* [WORK REQUEST] What is the number of lines below that contain the word "been"? Respond with that number alone.

* [DATA EXCERPTS]
=== Section Start ===

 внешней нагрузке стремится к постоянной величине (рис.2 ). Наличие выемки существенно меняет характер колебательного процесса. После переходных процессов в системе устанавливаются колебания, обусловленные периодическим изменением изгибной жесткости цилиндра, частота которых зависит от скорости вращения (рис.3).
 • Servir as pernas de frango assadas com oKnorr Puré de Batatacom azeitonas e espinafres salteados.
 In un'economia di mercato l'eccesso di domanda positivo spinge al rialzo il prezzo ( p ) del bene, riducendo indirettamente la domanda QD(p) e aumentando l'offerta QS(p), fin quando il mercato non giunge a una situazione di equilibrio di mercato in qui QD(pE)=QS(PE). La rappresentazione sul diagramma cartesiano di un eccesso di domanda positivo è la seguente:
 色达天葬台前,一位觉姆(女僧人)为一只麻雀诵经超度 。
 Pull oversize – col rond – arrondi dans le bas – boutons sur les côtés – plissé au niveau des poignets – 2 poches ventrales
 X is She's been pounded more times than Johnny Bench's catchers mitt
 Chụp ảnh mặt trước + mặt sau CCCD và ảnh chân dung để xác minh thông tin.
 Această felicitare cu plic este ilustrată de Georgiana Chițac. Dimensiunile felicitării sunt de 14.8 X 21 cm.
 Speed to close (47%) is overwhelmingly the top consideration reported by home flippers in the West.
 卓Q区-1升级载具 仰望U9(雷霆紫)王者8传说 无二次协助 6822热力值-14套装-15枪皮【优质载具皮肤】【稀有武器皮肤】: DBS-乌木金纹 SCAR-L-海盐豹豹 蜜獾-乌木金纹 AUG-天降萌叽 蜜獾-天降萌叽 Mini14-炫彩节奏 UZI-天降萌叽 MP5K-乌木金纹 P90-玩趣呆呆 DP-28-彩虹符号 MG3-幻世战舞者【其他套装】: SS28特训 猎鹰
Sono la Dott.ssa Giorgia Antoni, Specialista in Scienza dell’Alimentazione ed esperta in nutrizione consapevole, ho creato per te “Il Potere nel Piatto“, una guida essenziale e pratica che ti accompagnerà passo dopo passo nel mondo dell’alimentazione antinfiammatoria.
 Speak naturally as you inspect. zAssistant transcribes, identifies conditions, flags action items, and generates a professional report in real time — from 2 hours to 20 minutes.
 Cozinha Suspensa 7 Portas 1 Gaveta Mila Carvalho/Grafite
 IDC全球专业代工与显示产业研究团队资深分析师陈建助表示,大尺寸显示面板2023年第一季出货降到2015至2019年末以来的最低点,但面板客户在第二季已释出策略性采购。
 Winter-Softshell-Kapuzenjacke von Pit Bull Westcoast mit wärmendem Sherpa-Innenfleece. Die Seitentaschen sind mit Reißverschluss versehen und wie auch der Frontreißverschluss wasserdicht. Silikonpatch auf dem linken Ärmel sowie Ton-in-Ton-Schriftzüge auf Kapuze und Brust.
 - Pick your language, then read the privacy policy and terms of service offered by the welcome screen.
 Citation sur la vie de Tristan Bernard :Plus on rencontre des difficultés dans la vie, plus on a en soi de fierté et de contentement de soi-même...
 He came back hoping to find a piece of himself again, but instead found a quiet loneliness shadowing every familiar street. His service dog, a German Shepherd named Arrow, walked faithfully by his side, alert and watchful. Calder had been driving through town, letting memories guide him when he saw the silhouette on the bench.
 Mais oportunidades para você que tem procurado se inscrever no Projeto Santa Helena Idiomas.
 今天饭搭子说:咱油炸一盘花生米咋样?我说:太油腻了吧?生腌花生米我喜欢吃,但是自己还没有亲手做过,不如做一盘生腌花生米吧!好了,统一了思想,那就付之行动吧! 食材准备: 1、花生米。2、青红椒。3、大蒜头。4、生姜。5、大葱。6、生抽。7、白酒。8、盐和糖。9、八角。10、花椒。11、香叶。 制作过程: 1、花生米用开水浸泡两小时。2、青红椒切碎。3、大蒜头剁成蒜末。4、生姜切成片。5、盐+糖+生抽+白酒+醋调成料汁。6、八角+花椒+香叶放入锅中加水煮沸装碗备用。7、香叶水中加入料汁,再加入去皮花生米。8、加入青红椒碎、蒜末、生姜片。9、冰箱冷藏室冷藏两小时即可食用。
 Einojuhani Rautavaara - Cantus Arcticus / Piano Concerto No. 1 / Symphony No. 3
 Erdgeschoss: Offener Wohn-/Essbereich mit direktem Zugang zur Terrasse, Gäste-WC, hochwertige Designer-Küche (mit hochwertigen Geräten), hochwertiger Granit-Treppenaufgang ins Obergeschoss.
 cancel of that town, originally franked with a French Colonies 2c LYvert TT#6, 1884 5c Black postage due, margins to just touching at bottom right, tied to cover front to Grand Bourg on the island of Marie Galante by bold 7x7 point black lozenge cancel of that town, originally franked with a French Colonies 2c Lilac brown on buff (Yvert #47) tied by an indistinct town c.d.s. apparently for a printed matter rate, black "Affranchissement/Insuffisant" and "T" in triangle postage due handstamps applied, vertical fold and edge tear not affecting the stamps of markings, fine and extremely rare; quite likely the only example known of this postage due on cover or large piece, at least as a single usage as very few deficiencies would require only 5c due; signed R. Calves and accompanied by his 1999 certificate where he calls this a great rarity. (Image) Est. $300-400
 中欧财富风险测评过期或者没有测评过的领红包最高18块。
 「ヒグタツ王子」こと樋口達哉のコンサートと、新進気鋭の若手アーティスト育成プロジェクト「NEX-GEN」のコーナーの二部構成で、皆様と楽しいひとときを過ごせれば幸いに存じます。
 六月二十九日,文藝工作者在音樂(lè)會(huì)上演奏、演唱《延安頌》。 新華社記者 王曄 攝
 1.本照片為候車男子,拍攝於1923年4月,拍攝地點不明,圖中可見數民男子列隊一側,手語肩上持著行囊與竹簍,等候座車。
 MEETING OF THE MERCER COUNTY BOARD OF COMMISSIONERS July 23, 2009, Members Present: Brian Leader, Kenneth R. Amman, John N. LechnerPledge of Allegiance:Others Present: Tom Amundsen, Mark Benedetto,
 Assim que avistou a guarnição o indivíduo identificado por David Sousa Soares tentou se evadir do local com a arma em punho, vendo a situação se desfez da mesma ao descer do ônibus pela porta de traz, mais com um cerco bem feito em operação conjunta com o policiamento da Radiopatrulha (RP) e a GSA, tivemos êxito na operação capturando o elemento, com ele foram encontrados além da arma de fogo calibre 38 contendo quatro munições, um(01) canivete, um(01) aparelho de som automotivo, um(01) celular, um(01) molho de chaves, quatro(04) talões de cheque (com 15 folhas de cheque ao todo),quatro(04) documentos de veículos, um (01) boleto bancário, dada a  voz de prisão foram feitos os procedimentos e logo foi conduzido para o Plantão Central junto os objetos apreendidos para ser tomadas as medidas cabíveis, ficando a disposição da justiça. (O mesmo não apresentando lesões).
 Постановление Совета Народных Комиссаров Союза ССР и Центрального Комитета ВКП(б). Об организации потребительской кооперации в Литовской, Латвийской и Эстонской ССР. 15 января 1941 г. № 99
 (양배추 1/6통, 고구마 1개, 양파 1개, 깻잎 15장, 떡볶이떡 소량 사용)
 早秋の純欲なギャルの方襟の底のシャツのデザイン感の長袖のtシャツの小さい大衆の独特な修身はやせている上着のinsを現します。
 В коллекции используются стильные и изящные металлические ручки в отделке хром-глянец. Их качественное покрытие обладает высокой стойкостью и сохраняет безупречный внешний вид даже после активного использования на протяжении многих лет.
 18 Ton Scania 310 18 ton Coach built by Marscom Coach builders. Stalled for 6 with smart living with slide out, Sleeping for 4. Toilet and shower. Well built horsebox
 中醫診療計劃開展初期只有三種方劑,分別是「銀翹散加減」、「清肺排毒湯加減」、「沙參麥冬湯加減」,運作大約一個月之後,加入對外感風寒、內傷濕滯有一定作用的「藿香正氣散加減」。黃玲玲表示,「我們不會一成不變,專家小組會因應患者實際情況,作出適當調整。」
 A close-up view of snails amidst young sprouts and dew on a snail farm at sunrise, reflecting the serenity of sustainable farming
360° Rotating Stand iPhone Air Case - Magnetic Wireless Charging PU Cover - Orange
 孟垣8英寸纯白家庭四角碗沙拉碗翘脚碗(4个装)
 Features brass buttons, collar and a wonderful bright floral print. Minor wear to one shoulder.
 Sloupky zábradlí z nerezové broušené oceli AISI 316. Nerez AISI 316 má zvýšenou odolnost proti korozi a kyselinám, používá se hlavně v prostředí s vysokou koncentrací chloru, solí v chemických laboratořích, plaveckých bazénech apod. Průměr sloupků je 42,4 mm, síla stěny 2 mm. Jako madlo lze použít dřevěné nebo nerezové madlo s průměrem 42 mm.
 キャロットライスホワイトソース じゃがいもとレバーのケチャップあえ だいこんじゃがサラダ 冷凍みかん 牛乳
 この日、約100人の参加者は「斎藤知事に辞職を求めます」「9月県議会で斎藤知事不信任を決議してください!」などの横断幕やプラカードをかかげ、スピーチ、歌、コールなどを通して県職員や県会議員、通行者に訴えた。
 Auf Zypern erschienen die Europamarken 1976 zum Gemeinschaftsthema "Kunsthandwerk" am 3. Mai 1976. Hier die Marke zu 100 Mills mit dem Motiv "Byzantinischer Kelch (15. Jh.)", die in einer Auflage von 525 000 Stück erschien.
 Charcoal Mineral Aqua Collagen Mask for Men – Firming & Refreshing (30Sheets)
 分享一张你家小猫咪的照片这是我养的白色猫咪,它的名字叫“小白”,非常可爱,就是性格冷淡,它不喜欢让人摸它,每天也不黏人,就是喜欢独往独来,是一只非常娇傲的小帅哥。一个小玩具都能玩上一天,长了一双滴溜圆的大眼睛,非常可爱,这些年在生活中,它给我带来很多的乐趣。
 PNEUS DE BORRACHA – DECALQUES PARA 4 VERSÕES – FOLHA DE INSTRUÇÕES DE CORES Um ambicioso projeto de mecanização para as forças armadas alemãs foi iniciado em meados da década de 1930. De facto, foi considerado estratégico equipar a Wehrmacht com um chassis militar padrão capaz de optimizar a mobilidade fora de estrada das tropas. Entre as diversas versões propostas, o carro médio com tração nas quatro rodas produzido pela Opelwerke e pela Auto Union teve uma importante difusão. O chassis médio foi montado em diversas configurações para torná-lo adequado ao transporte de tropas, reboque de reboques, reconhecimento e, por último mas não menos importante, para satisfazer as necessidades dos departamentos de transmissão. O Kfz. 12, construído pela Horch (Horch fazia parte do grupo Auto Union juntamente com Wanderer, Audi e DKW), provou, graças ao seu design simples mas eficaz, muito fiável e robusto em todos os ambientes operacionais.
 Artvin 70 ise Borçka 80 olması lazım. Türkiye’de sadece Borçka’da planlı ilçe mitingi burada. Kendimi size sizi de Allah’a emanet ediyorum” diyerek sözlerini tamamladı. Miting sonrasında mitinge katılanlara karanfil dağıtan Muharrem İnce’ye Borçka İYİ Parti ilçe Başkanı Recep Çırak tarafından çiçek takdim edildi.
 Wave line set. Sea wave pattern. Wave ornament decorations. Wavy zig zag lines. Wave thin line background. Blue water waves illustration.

=== Section End ===

* [EXERCISE RESPONSE] 2